The London 2012 trip has been cancelled. I'm so devastated. It sucks monkey nuts. Major monkey nuts. I was really looking forward to going on that amazing trip, but now it's ruined. Awesome... Just fucking fantastic.
I've decided that I'm going to do the early application for the University of Michigan. I am so so so so excited. I really hope that I get a scholarship for the Aerospace Engineering program or something. That would be amazing. However, if all else fails, I will apply for the University of Virginia. I would be content with that too. I would prefer to go to U of M though... I'm really looking forward to going to college, even though I sort of like high school. This coming year is going to be the greatest. All of the classes I'm taking are going to be pretty cool and all of the clubs I'm an officer in are going to be tons of fun.
My birthday is coming up and I have no idea what to do.
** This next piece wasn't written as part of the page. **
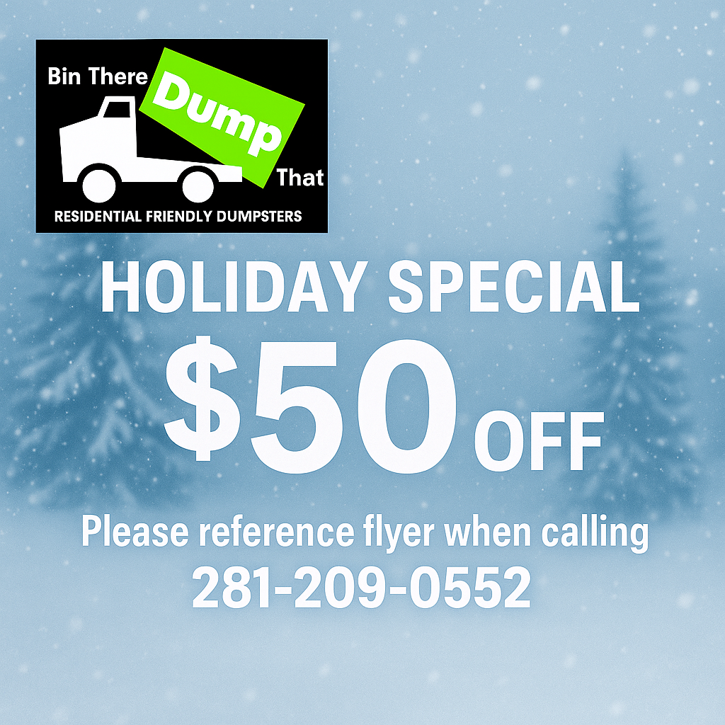 Tackle your holiday clean-up or year-end projects with ease. For a limited time, enjoy $50 off your dumpster rental from Bin There Dump That Houston.

I want a party, but everything I want is way too expensive. We just can't afford it. Honestly, even if I had one, I don't think many people would come. My friends are assholes sometimes.
Speaking of friends, my best friend Kelsey and I pretty much gave up on our friendship the other night. We have been best friends since the fifth grade. I love her to death and she's like a sister to me. We have always had each other's backs and always hang out. Sadly, we have kind of developed different ideas on totally opposite spectrums and it just doesn't meet in the middle anymore. Over the years, her and I both have grown up and grown out of old habits and styles. Our personalities haven't changed, but our mind sets have. We have seriously different goals and it just came down to the fact that we have grown out of each other. Get what I mean? Time just withered our friendship away. It upsets me a lot to not be friends with her anymore, just because we were so close. On the other hand, it's good to be moving on with my life and her moving on with hers.
I got to thinking the other day, and I noticed I have not really "dated" someone in a while. Yeeeaahhh, there is "best friend", but that's getting old and he is leaving anyway. A guy and I have been talking and we both are at the point of where we want to be referred to as an item. However, my mom doesn't like the idea - at all. All because of one thing. He's not white. My parents are not racist or anything, and I certainly am not. OK, yeah I make a joke here and there, but I don't discriminate against anyone because they are not white. Whatever. In the end, it's my decision.


This summer has been going pretty swell. All I need, is a trip.